Оказалось, работа Браницкой у мисс Берджесс не была связана с детьми - она была компаньонкой и чем-то навроде сиделки при миссис Ванделер, очень пожилой тетушке мисс Берджесс. Сама мисс Берджесс - высокая, полноватая, лет так сорока-сорока двух, лицо смугловатое, правильное, и можно было предположить, что в молодости она была красавицей. Темные волосы высоко причесаны и вид несколько чопорный, что впрочем обычно для англичан.

- Вы себе не представляете, что это за исчадие ада, - свистящим шепотом сказала мисс Берджесс, когда я, назвавшись поверенным мисс Браницкой, спросил о ней.

Лицо мисс Берджесс приобрело черты самой натуральной ненависти, но она тут же сменила его холодною каменной маской.

- Она кажется невинной овечкой, - она усмехнулась, - и вечно этот несносный чулок, который она вяжет “в благотворительных целях”. А на деле это сущий дьявол. Ей доставляет наслаждение мучить людей, выискивая в них все самое слабое и впиваясь в эту слабину как ласка в куриный мозг, - мисс Берджесс сузила глаза и лицо ее стало почти некрасивым. - Сколько бедняжек, приходивших наниматься, она извела. В одну из них она ткнула вязальной спицей - боже мой, попала прямо в жилу, было столько крови! О вторую разбила половину севрского чайного сервиза, - хозяйка указала на чашку, стоявшую передо мной, в форме колонны, голубую с золотом. - Остались всего две чашки и молочник.

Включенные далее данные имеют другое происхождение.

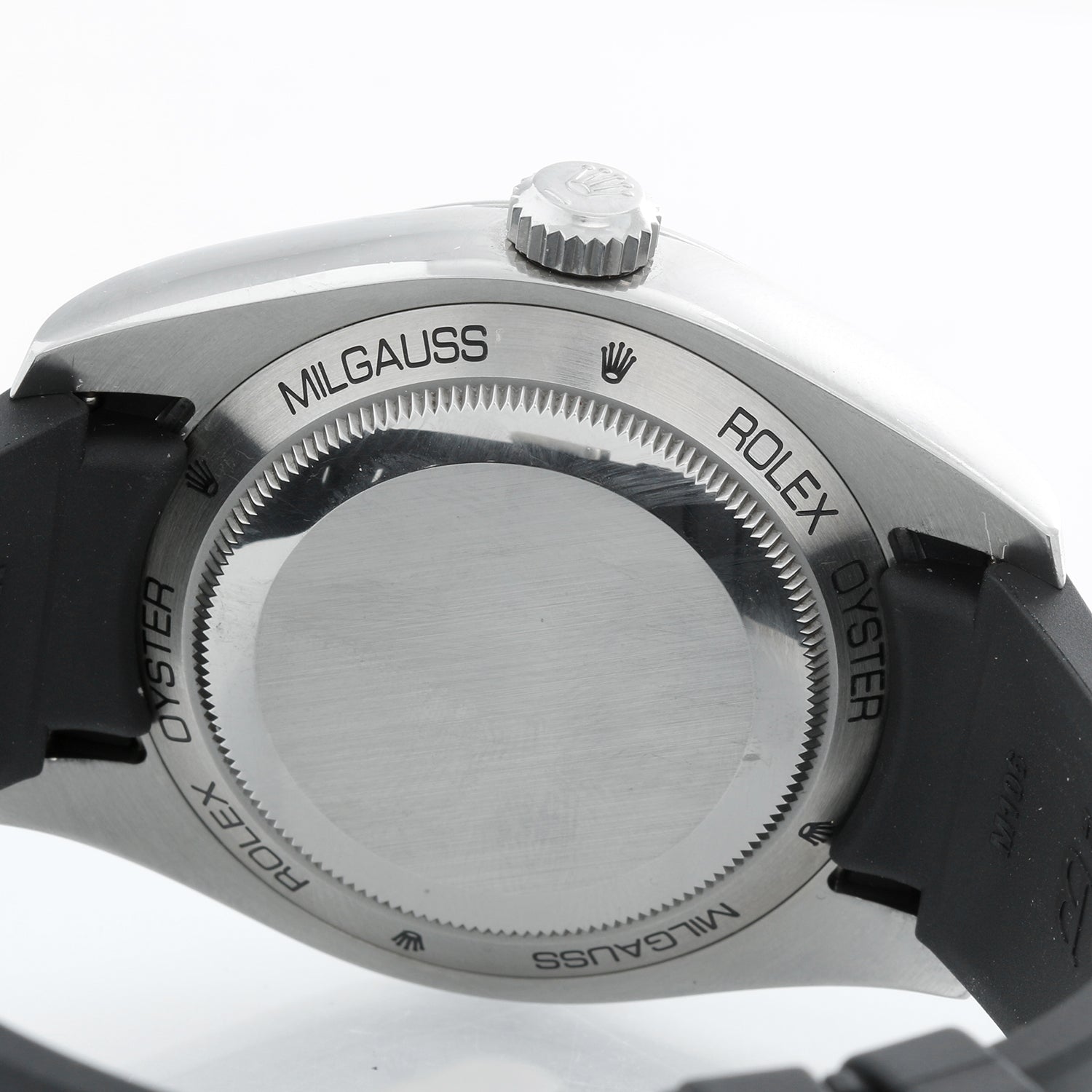 Rolex "Blue" Milgauss Stainless Steel Men's Watch 116400 GV - Automatic winding, sapphire "green" crystal, 31 jewels. Stainless steel case with smooth bezel (40mm diameter). Blue dial with luminous-style markers. Black and Green Rubber -B Strap. Pre-owned with Rolex box and books

Севрская чашка была прекрасна - тонка, полупрозрачна, с изящным золотым узором по лазоревому полю. Я подумал, как хорошо бы смотрелся на столике, за которым меня потчевали чаем, весь сервиз, а не две жалкие чашки.

- А сколько слез она сперва стоила бедной мисс Дороти! - продолжала шипеть мисс Берджесс. - Впрочем, мисс Дороти сумела найти к ней подход… Я бы сказала, у нее был опыт с сумасшедшими или неуравновешенными истеричными особами. Она единственная, кто продержался у нас больше двенадцати дней.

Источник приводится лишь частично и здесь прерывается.